### Exercise directions
Please reproduce the data exactly and omit the pictures.

[Dataset entries]
-----

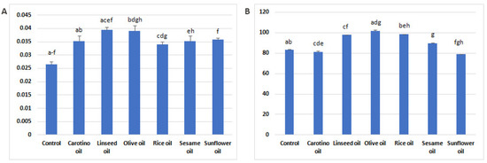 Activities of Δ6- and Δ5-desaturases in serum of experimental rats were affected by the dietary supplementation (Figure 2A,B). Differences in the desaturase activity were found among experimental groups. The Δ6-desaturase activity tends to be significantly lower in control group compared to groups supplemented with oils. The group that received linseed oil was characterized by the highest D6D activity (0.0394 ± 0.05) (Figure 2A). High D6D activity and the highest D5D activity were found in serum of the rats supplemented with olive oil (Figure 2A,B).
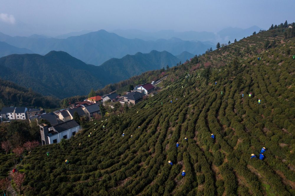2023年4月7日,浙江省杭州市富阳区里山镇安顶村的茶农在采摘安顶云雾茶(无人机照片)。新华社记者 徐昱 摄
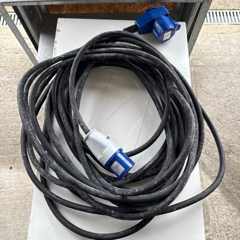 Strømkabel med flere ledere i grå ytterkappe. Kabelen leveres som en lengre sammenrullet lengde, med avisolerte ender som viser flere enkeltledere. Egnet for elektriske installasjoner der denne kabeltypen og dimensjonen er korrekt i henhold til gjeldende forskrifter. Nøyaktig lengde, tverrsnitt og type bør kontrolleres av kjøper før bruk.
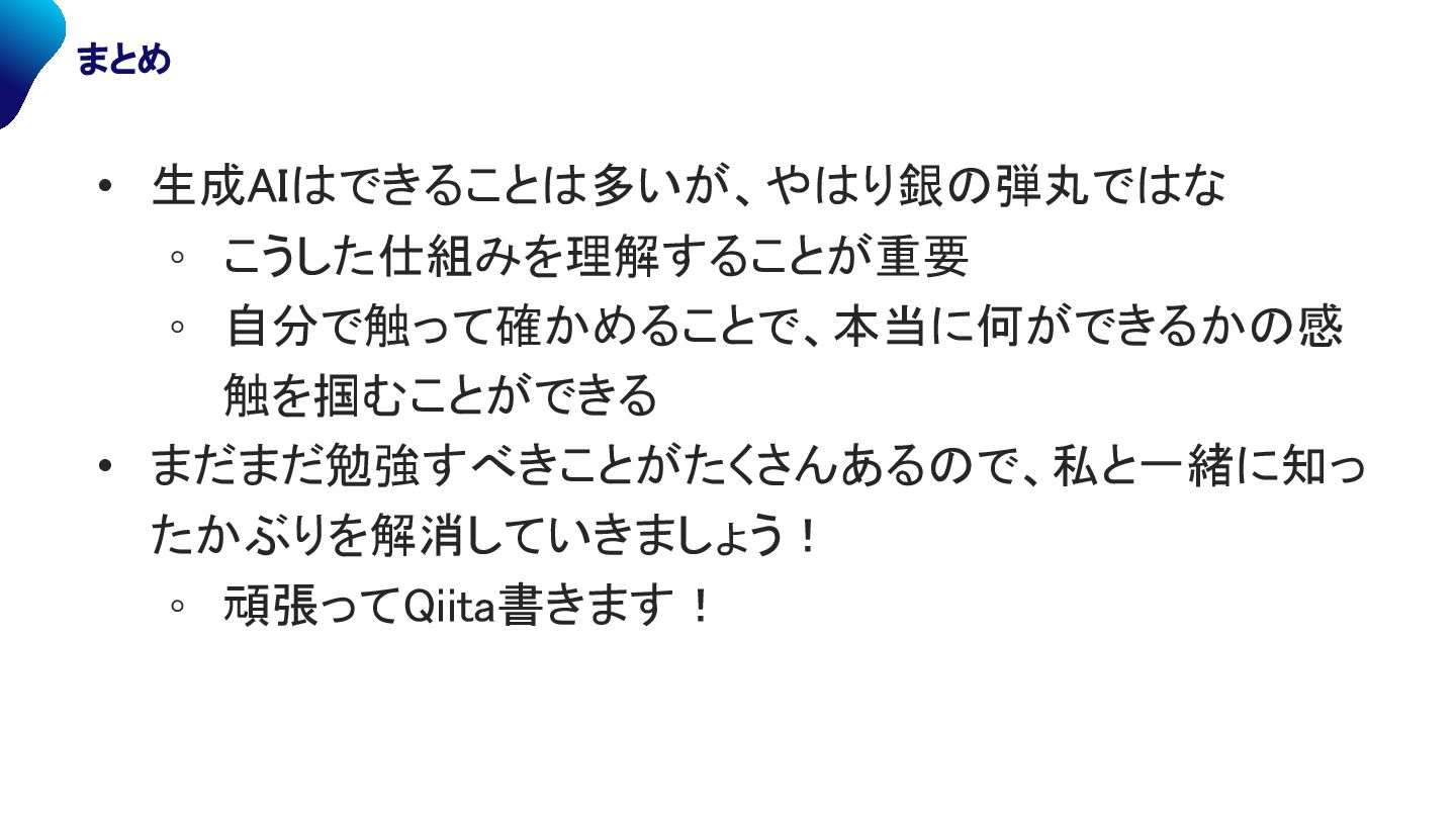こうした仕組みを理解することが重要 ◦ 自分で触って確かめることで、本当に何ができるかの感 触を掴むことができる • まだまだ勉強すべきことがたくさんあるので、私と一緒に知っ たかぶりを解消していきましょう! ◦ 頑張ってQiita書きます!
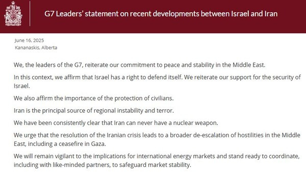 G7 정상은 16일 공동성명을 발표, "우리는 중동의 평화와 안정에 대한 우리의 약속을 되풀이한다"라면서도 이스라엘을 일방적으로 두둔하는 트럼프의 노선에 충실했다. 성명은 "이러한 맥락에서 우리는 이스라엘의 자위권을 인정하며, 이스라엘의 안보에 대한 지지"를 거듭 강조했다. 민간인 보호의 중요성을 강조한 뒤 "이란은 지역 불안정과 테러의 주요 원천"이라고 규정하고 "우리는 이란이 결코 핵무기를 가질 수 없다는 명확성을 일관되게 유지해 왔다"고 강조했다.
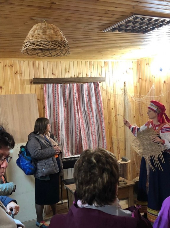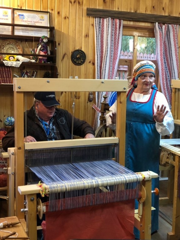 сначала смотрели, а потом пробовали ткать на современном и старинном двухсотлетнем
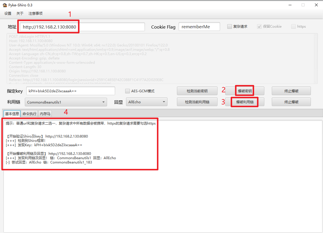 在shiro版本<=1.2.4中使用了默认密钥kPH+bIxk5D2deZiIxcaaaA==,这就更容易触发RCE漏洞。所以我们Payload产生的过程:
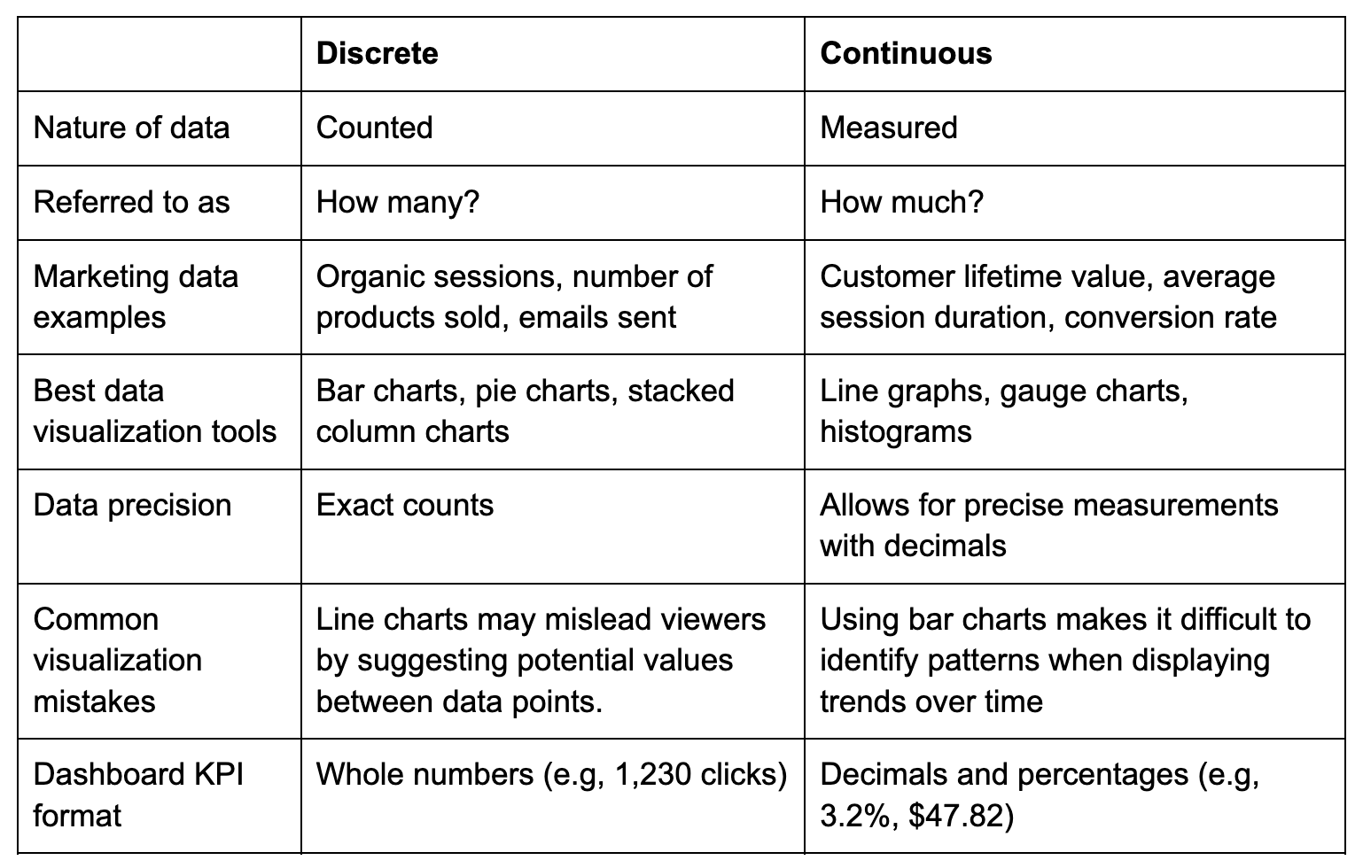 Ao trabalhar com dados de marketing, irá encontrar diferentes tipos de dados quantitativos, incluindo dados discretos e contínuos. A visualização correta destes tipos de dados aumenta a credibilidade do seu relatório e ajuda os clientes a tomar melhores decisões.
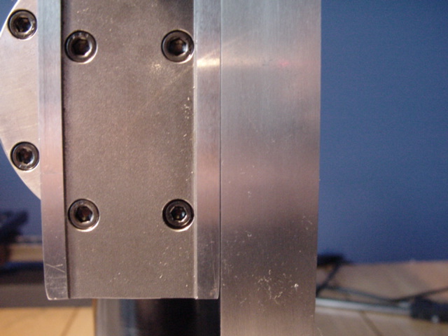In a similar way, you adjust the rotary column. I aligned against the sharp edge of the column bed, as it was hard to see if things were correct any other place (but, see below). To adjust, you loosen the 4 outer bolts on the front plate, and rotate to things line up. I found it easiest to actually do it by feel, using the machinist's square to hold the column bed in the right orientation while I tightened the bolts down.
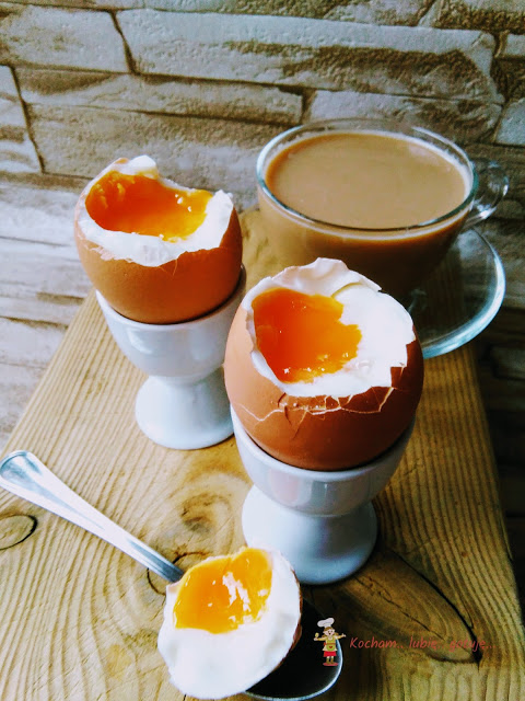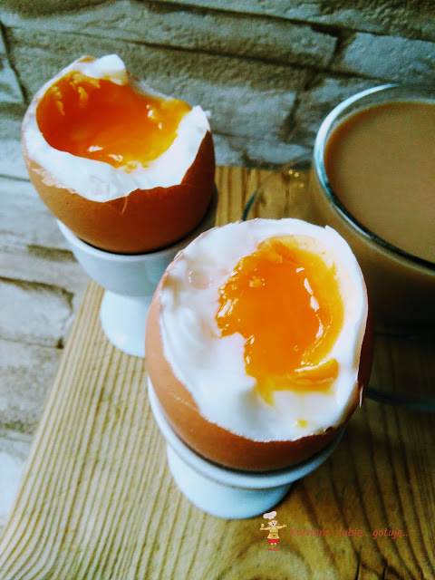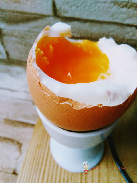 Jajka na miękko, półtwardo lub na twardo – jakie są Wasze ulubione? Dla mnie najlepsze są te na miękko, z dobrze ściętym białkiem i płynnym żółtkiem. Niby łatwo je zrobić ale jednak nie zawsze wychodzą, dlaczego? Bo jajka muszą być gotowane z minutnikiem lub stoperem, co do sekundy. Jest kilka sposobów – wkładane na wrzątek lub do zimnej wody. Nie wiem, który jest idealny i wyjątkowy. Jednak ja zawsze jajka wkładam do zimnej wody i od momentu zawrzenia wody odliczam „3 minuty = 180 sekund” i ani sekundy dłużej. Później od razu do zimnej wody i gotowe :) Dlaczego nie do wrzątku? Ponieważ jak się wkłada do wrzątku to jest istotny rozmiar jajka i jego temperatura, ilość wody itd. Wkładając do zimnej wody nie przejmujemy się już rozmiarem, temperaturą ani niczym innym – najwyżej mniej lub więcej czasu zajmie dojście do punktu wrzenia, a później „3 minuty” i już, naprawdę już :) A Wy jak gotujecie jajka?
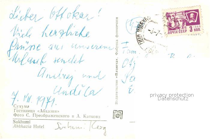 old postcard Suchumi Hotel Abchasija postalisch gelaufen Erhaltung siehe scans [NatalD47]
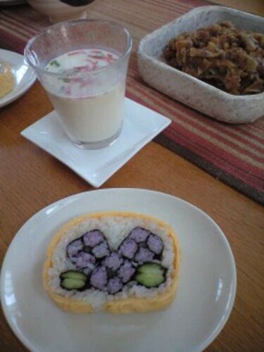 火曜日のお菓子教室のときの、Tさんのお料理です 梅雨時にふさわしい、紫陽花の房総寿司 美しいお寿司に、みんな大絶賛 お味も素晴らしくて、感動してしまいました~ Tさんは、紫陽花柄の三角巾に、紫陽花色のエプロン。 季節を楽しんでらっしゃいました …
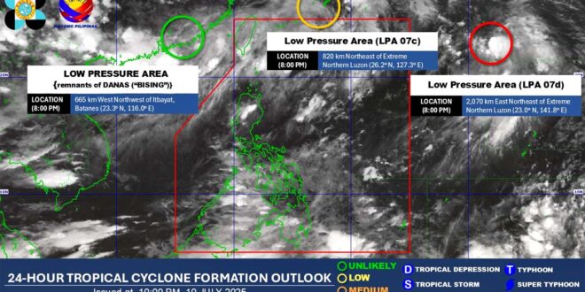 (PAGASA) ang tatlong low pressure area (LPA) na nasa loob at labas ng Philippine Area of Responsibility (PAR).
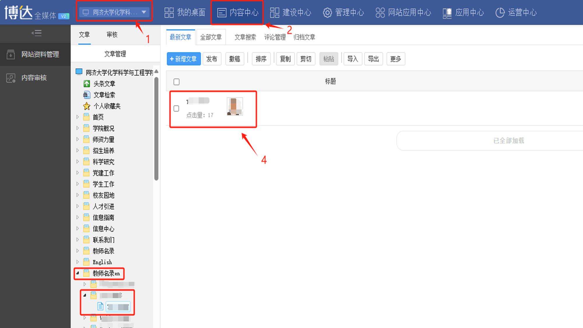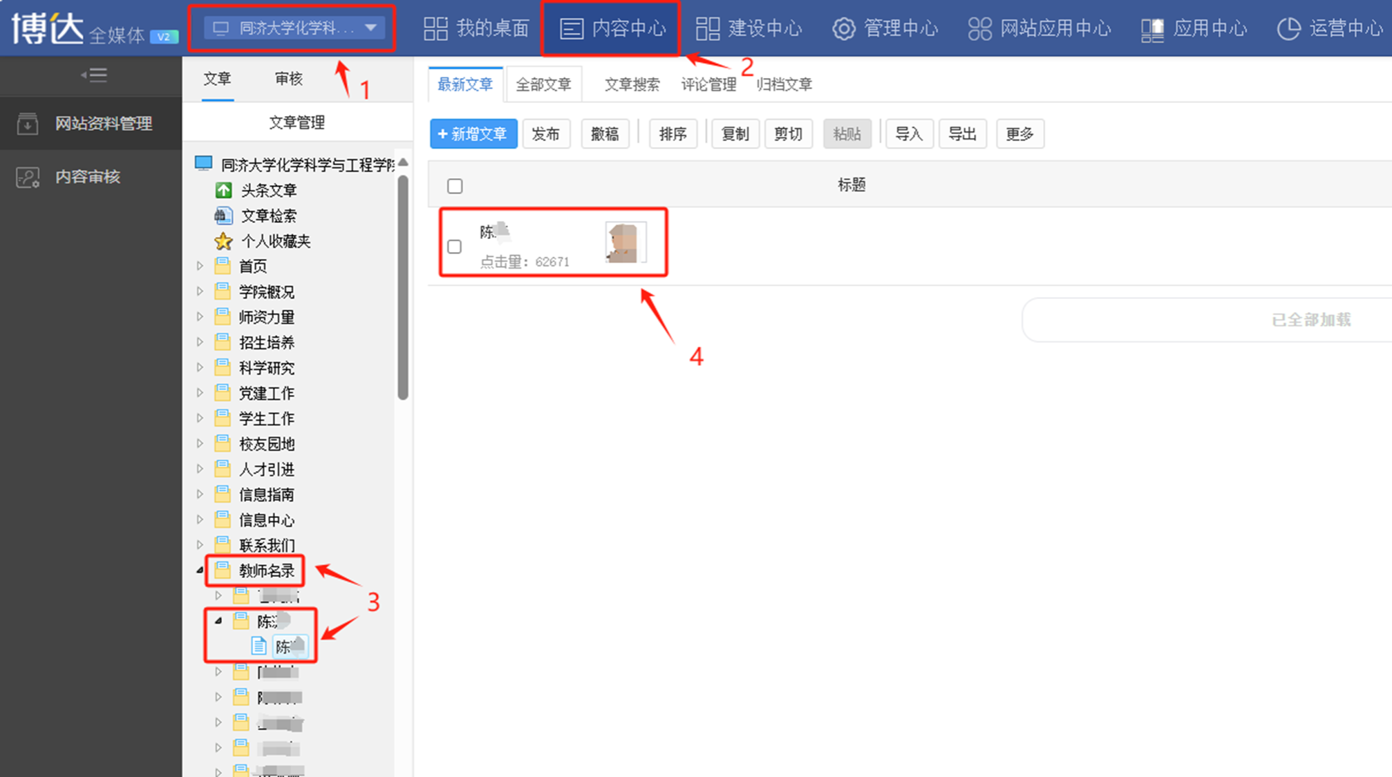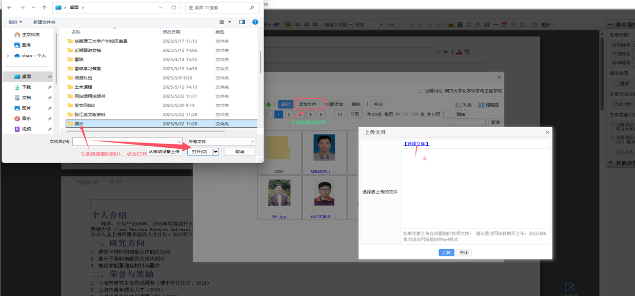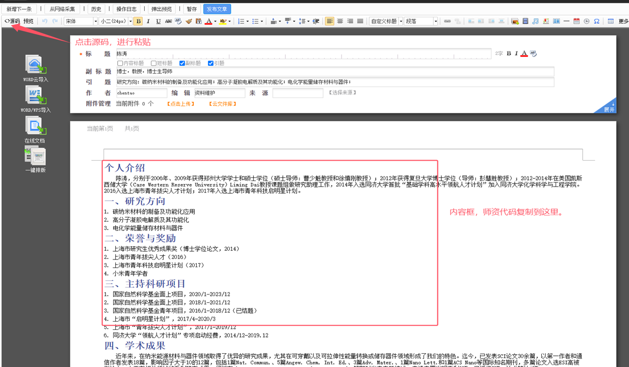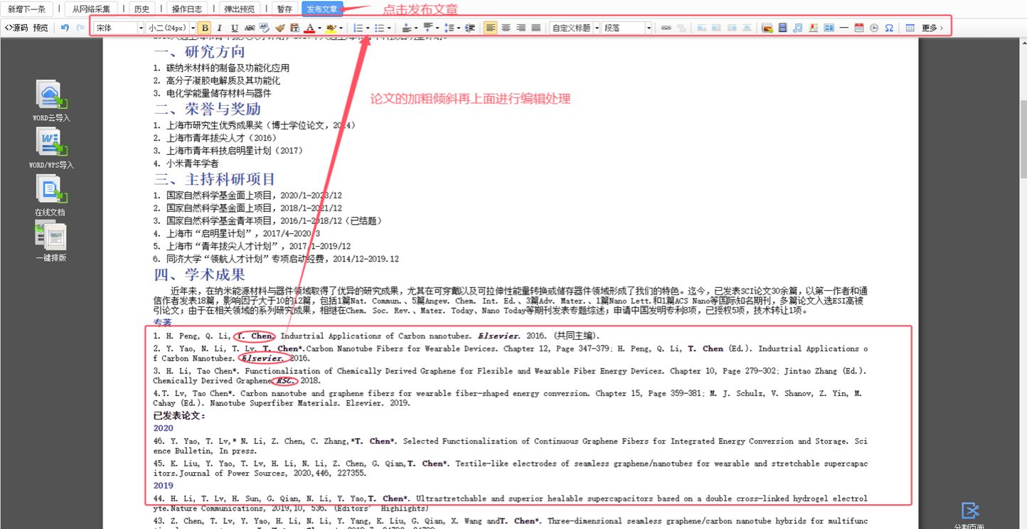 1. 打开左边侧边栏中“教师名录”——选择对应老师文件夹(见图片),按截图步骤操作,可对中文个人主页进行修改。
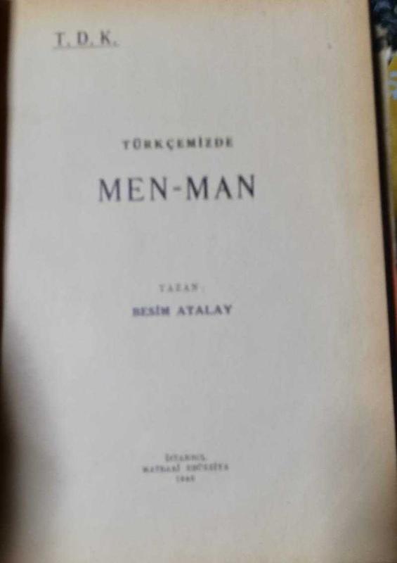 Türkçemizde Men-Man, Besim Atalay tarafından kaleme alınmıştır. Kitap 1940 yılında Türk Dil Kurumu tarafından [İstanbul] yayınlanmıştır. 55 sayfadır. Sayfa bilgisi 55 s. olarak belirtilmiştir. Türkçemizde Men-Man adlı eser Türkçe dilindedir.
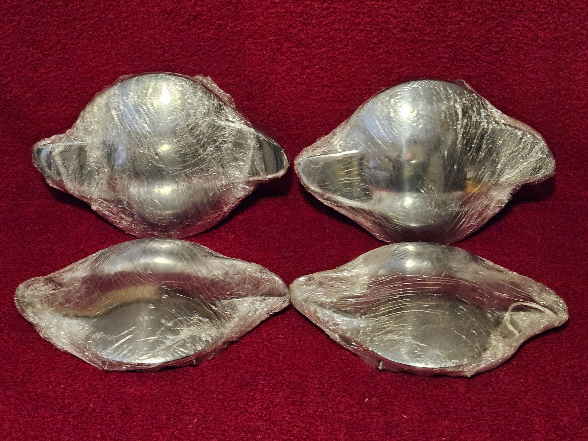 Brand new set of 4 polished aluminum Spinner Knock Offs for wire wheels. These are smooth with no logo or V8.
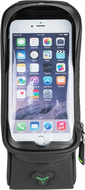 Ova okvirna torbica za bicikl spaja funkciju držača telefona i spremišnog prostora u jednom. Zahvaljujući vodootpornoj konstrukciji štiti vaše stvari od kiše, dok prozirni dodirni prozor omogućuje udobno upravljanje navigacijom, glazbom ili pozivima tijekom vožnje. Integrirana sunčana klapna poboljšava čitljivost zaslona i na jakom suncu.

-----

### Output for this exercise
 Activities of Δ6- and Δ5-desaturases in serum of experimental rats were affected by the dietary supplementation (Figure 2A,B). Differences in the desaturase activity were found among experimental groups. The Δ6-desaturase activity tends to be significantly lower in control group compared to groups supplemented with oils. The group that received linseed oil was characterized by the highest D6D activity (0.0394 ± 0.05) (Figure 2A). High D6D activity and the highest D5D activity were found in serum of the rats supplemented with olive oil (Figure 2A,B).
2023年4月7日,浙江省杭州市富阳区里山镇安顶村的茶农在采摘安顶云雾茶(无人机照片)。新华社记者 徐昱 摄
 Strømkabel med flere ledere i grå ytterkappe. Kabelen leveres som en lengre sammenrullet lengde, med avisolerte ender som viser flere enkeltledere. Egnet for elektriske installasjoner der denne kabeltypen og dimensjonen er korrekt i henhold til gjeldende forskrifter. Nøyaktig lengde, tverrsnitt og type bør kontrolleres av kjøper før bruk.
こうした仕組みを理解することが重要 ◦ 自分で触って確かめることで、本当に何ができるかの感 触を掴むことができる • まだまだ勉強すべきことがたくさんあるので、私と一緒に知っ たかぶりを解消していきましょう! ◦ 頑張ってQiita書きます!
 G7 정상은 16일 공동성명을 발표, "우리는 중동의 평화와 안정에 대한 우리의 약속을 되풀이한다"라면서도 이스라엘을 일방적으로 두둔하는 트럼프의 노선에 충실했다. 성명은 "이러한 맥락에서 우리는 이스라엘의 자위권을 인정하며, 이스라엘의 안보에 대한 지지"를 거듭 강조했다. 민간인 보호의 중요성을 강조한 뒤 "이란은 지역 불안정과 테러의 주요 원천"이라고 규정하고 "우리는 이란이 결코 핵무기를 가질 수 없다는 명확성을 일관되게 유지해 왔다"고 강조했다.
 сначала смотрели, а потом пробовали ткать на современном и старинном двухсотлетнем
 在shiro版本<=1.2.4中使用了默认密钥kPH+bIxk5D2deZiIxcaaaA==,这就更容易触发RCE漏洞。所以我们Payload产生的过程:
 Ao trabalhar com dados de marketing, irá encontrar diferentes tipos de dados quantitativos, incluindo dados discretos e contínuos. A visualização correta destes tipos de dados aumenta a credibilidade do seu relatório e ajuda os clientes a tomar melhores decisões.
In a similar way, you adjust the rotary column. I aligned against the sharp edge of the column bed, as it was hard to see if things were correct any other place (but, see below). To adjust, you loosen the 4 outer bolts on the front plate, and rotate to things line up. I found it easiest to actually do it by feel, using the machinist's square to hold the column bed in the right orientation while I tightened the bolts down.
 Jajka na miękko, półtwardo lub na twardo – jakie są Wasze ulubione? Dla mnie najlepsze są te na miękko, z dobrze ściętym białkiem i płynnym żółtkiem. Niby łatwo je zrobić ale jednak nie zawsze wychodzą, dlaczego? Bo jajka muszą być gotowane z minutnikiem lub stoperem, co do sekundy. Jest kilka sposobów – wkładane na wrzątek lub do zimnej wody. Nie wiem, który jest idealny i wyjątkowy. Jednak ja zawsze jajka wkładam do zimnej wody i od momentu zawrzenia wody odliczam „3 minuty = 180 sekund” i ani sekundy dłużej. Później od razu do zimnej wody i gotowe :) Dlaczego nie do wrzątku? Ponieważ jak się wkłada do wrzątku to jest istotny rozmiar jajka i jego temperatura, ilość wody itd. Wkładając do zimnej wody nie przejmujemy się już rozmiarem, temperaturą ani niczym innym – najwyżej mniej lub więcej czasu zajmie dojście do punktu wrzenia, a później „3 minuty” i już, naprawdę już :) A Wy jak gotujecie jajka?
 old postcard Suchumi Hotel Abchasija postalisch gelaufen Erhaltung siehe scans [NatalD47]
 火曜日のお菓子教室のときの、Tさんのお料理です 梅雨時にふさわしい、紫陽花の房総寿司 美しいお寿司に、みんな大絶賛 お味も素晴らしくて、感動してしまいました~ Tさんは、紫陽花柄の三角巾に、紫陽花色のエプロン。 季節を楽しんでらっしゃいました …
 (PAGASA) ang tatlong low pressure area (LPA) na nasa loob at labas ng Philippine Area of Responsibility (PAR).
 1. 打开左边侧边栏中“教师名录”——选择对应老师文件夹(见图片),按截图步骤操作,可对中文个人主页进行修改。
 Türkçemizde Men-Man, Besim Atalay tarafından kaleme alınmıştır. Kitap 1940 yılında Türk Dil Kurumu tarafından [İstanbul] yayınlanmıştır. 55 sayfadır. Sayfa bilgisi 55 s. olarak belirtilmiştir. Türkçemizde Men-Man adlı eser Türkçe dilindedir.
 Brand new set of 4 polished aluminum Spinner Knock Offs for wire wheels. These are smooth with no logo or V8.
 Ova okvirna torbica za bicikl spaja funkciju držača telefona i spremišnog prostora u jednom. Zahvaljujući vodootpornoj konstrukciji štiti vaše stvari od kiše, dok prozirni dodirni prozor omogućuje udobno upravljanje navigacijom, glazbom ili pozivima tijekom vožnje. Integrirana sunčana klapna poboljšava čitljivost zaslona i na jakom suncu.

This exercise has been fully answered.